TASK DIRECTIONS:
In the entries below, find the line with "Introducing the stunning" and the line with "以学习贯彻习近平新时代中国特"; reproduce those two lines and all lines between them exactly, without pictures.

DATASET CONTENT:
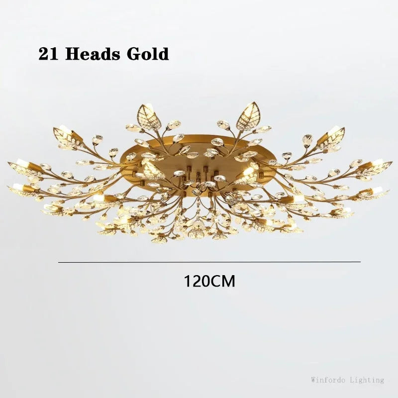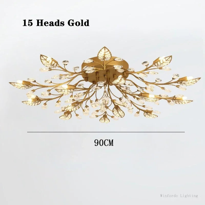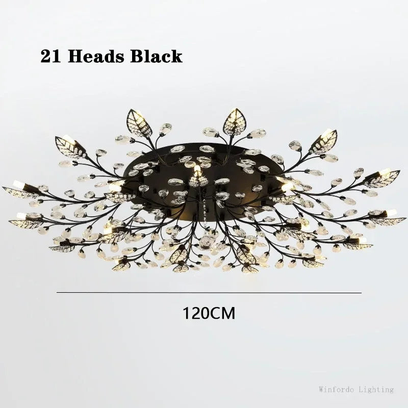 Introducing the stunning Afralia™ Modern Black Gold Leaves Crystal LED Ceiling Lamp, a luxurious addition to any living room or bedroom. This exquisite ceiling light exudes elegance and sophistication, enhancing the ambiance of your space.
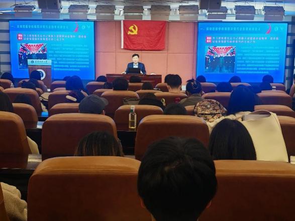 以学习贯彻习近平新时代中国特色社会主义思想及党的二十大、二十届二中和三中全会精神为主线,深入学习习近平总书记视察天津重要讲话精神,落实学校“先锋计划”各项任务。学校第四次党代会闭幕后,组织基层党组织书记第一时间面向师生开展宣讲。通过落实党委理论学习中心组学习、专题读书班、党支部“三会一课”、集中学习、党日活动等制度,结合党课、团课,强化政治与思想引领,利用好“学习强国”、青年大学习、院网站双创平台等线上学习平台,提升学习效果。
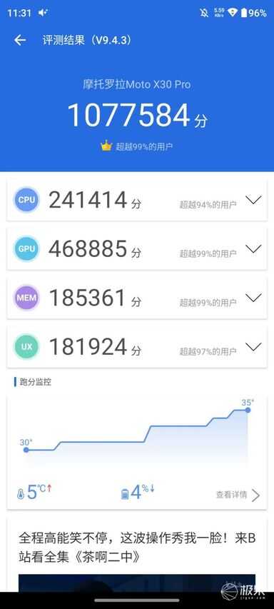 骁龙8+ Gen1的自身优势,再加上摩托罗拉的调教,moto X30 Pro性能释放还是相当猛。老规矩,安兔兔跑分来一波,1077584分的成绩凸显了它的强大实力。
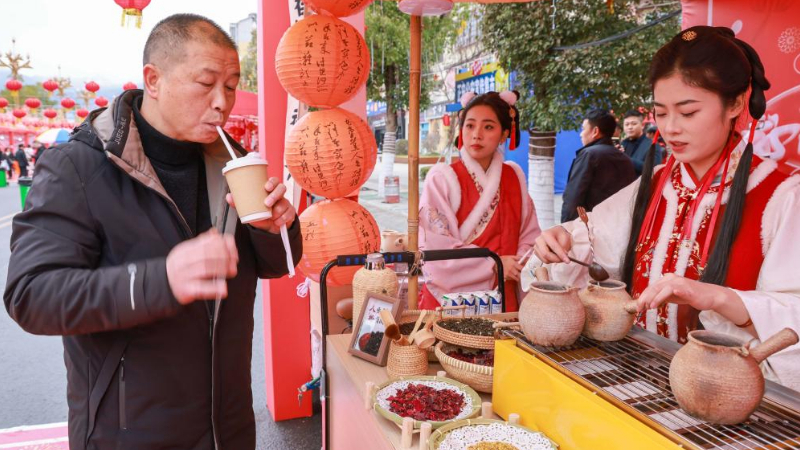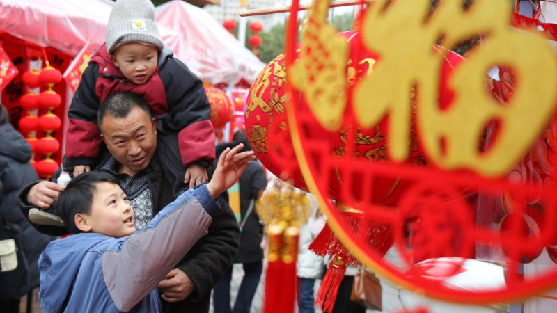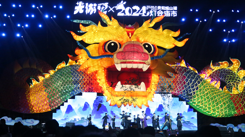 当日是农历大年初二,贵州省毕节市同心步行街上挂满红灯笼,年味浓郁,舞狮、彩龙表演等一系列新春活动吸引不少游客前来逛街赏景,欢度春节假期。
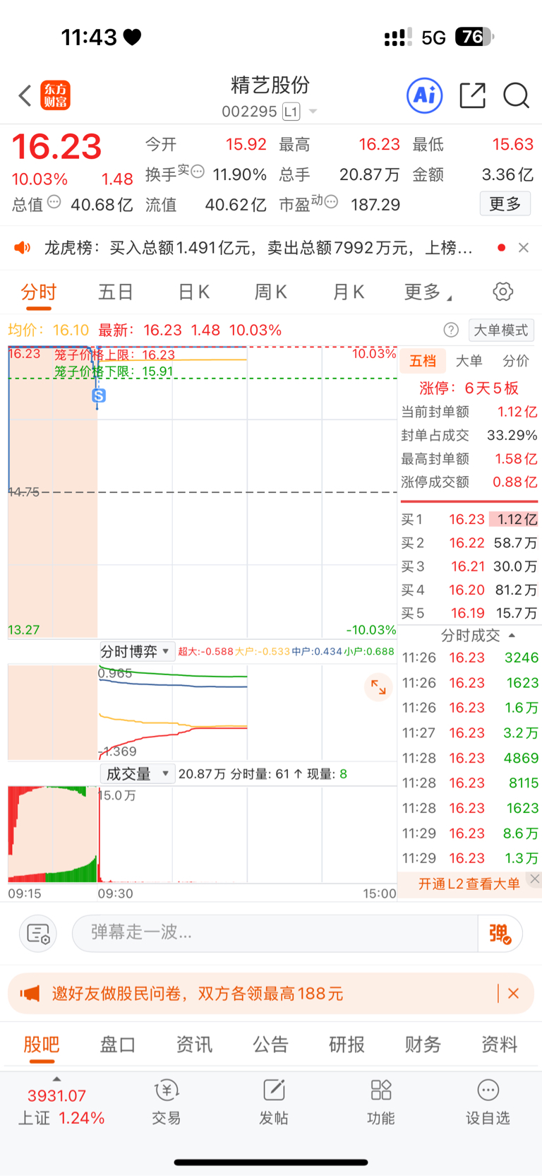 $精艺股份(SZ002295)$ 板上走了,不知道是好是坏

---

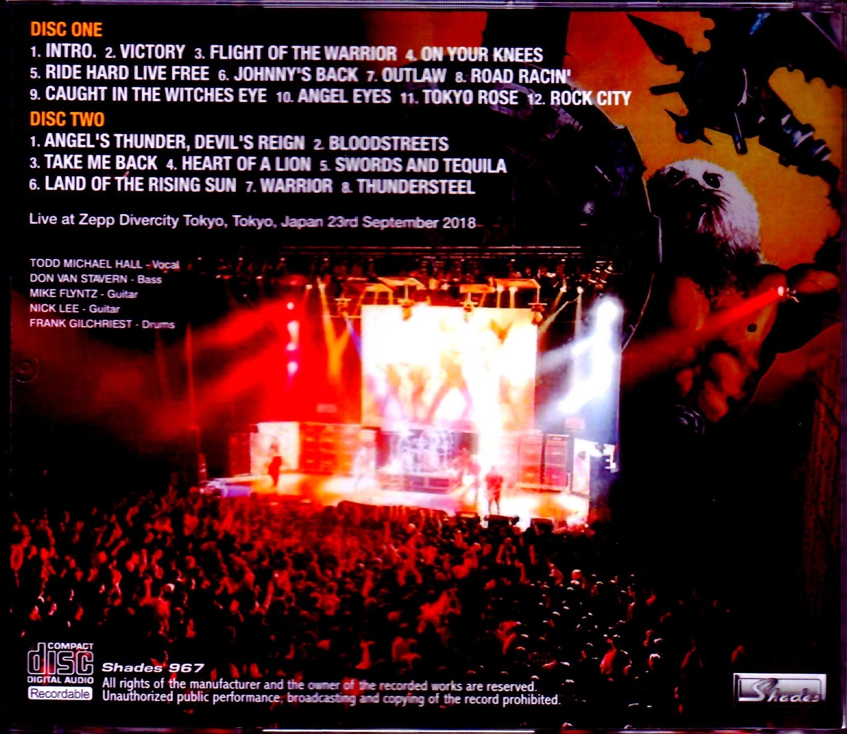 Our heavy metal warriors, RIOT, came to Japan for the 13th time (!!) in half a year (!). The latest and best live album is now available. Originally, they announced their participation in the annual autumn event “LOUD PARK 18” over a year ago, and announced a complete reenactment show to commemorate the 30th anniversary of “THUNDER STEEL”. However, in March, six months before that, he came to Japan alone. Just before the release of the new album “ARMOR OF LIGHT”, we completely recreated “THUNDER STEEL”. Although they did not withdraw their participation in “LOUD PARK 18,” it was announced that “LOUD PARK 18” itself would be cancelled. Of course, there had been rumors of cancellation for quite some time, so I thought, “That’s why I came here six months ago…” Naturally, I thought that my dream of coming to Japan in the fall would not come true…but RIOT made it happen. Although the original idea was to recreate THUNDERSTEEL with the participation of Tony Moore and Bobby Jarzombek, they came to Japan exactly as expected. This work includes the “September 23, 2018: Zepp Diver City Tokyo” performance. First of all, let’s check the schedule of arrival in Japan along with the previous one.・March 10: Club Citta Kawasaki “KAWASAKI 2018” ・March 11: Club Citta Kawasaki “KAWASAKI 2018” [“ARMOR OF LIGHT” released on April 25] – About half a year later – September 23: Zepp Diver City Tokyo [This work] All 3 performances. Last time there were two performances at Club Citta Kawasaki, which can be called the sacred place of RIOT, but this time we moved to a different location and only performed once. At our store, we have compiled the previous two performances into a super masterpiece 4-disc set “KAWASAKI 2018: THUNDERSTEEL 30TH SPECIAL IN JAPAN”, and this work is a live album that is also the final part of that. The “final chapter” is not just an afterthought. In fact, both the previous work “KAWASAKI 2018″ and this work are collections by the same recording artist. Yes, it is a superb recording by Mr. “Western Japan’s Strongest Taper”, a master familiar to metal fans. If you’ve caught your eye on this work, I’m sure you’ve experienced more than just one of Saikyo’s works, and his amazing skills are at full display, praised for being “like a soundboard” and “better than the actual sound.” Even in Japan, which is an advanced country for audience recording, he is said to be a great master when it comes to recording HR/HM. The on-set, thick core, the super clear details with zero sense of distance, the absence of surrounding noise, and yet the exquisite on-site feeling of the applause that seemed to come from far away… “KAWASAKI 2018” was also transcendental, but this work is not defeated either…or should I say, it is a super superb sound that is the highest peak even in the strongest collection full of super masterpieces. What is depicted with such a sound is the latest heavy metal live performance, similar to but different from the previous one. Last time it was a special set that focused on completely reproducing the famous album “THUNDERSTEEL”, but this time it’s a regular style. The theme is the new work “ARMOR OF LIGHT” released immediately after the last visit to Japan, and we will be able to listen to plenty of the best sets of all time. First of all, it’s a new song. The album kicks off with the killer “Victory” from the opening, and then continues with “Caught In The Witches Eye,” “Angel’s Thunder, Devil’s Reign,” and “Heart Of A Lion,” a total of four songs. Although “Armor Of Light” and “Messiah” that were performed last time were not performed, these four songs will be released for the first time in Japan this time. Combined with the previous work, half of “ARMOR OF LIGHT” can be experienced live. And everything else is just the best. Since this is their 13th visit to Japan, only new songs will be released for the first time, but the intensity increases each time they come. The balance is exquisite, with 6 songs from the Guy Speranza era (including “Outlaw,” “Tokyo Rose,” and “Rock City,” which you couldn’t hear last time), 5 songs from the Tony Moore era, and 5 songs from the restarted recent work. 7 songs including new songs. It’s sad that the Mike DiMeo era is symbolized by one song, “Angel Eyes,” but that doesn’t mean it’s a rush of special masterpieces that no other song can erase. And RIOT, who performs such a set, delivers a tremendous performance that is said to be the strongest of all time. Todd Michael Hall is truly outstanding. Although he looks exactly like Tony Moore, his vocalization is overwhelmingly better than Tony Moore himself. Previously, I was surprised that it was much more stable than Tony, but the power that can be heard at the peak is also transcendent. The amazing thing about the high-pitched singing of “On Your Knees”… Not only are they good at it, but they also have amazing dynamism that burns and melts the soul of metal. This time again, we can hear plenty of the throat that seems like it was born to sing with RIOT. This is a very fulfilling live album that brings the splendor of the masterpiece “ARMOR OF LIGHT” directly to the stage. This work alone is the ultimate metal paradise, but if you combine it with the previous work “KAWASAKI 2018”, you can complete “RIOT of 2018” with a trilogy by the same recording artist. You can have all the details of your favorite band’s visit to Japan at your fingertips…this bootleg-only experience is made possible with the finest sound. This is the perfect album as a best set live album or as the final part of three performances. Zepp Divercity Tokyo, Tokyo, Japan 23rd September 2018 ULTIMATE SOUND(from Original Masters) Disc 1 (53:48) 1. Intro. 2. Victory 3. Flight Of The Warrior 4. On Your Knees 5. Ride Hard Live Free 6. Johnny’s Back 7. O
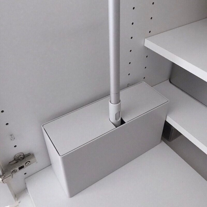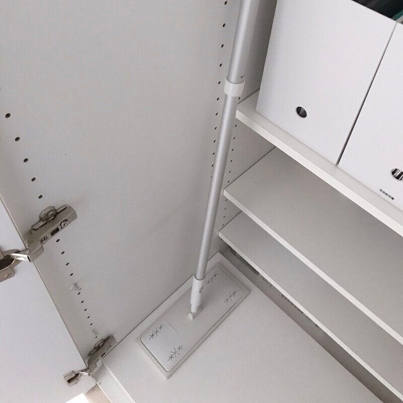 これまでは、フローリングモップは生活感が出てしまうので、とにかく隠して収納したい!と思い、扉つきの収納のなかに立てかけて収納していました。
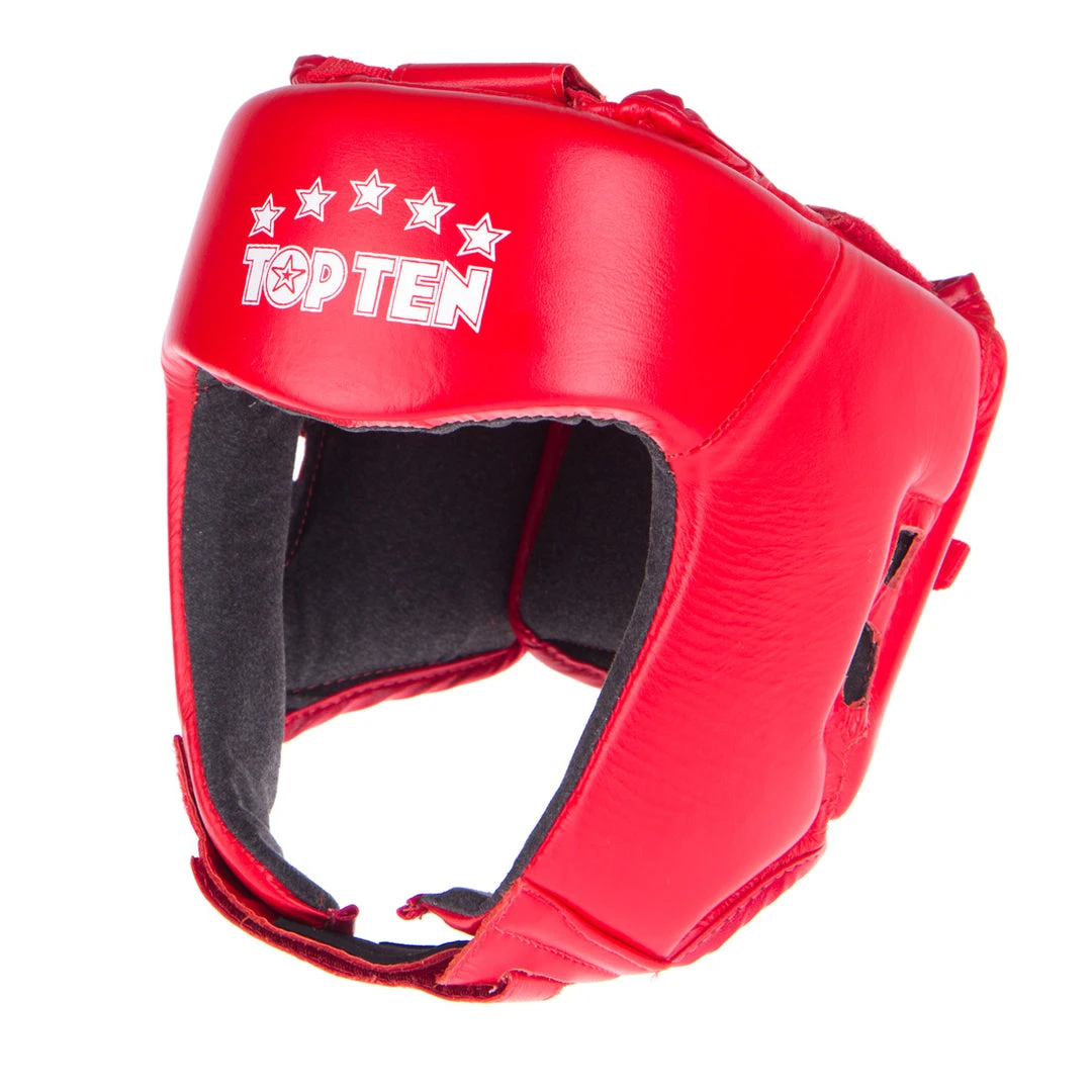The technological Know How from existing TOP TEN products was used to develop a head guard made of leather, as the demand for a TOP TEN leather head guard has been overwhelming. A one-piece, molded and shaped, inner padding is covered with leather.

...

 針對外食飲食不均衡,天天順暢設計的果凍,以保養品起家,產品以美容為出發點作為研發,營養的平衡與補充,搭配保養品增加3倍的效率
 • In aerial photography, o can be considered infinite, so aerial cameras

WRITTEN RESPONSE:
 Introducing the stunning Afralia™ Modern Black Gold Leaves Crystal LED Ceiling Lamp, a luxurious addition to any living room or bedroom. This exquisite ceiling light exudes elegance and sophistication, enhancing the ambiance of your space.
 以学习贯彻习近平新时代中国特色社会主义思想及党的二十大、二十届二中和三中全会精神为主线,深入学习习近平总书记视察天津重要讲话精神,落实学校“先锋计划”各项任务。学校第四次党代会闭幕后,组织基层党组织书记第一时间面向师生开展宣讲。通过落实党委理论学习中心组学习、专题读书班、党支部“三会一课”、集中学习、党日活动等制度,结合党课、团课,强化政治与思想引领,利用好“学习强国”、青年大学习、院网站双创平台等线上学习平台,提升学习效果。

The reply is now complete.